When management’s only lever is the schedule, quality suffers. Tom DeMarco and Tim Lister, in Peopleware, warn that unreachable deadlines force developers to cut corners: “Workers kept under extreme time pressure will begin to sacrifice quality… deliver products that are unstable and not really complete.” Lab studies back this up. Developers under tight time pressure work faster, not better, and quality drops. And when shortcuts pile up, the cost isn’t just bugs, it’s fragile systems, frustrated customers, and eroded trust.

Hours Worked Do Not Equal Value Delivered

Customers don’t buy effort, hours, or estimation accuracy.
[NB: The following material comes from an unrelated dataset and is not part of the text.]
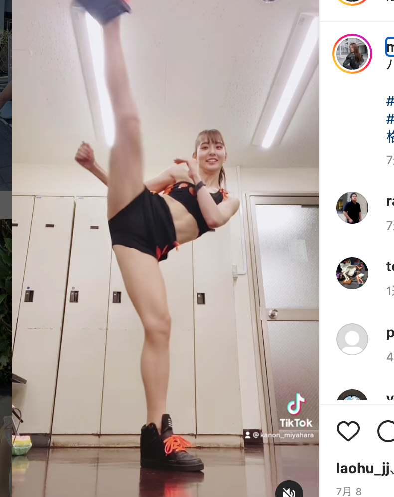 空手出身らしくハイキックが簡単に飛び出す(宮原華音インスタグラム)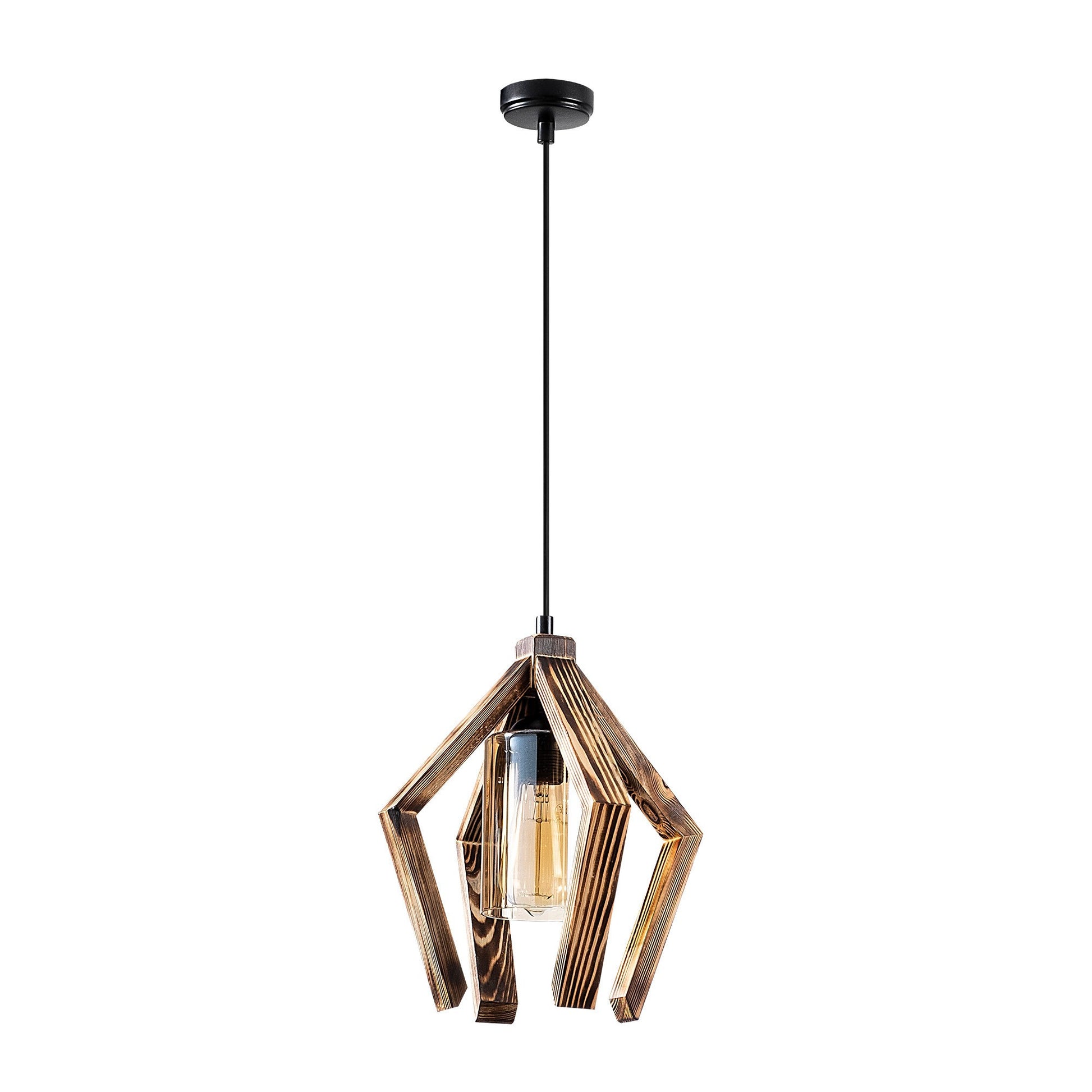 Candeeiro de Teto Elegante de Madeira, 28 x 28 cm, Altura 105 cm | Acabamento Preto e Madeira, Soquete E27, Máx. 40 W | Design Rústico Moderno para Casa e Sala de Jantar

They buy working software that solves their problems. A day spent cleaning up architecture might look unproductive on a timesheet, but it delivers enormous long-term value. Optimising for logged time only encourages burnout, presenteeism, and a celebration of busyness over outcomes.

Metrics like velocity or hours measure output, but they don’t measure the value customers care about. It’s better to track what matters: how frequently you can deliver features, how quickly you recover from failures, and whether you’re improving the user experience. These metrics help track how fast you’re learning (Time to Market), how much waste exists in your delivery process (Ability to Innovate), and whether users are sticking around and benefiting from what you’ve delivered (Current Value).

What to Do Instead

If you’re serious about improving delivery outcomes, stop obsessing over time. Time-based metrics show what happened, not what mattered. They miss the nuance of complexity, cognition, and asynchronous problem-solving. When you treat delivery like stopwatch management, you reward appearances over insight.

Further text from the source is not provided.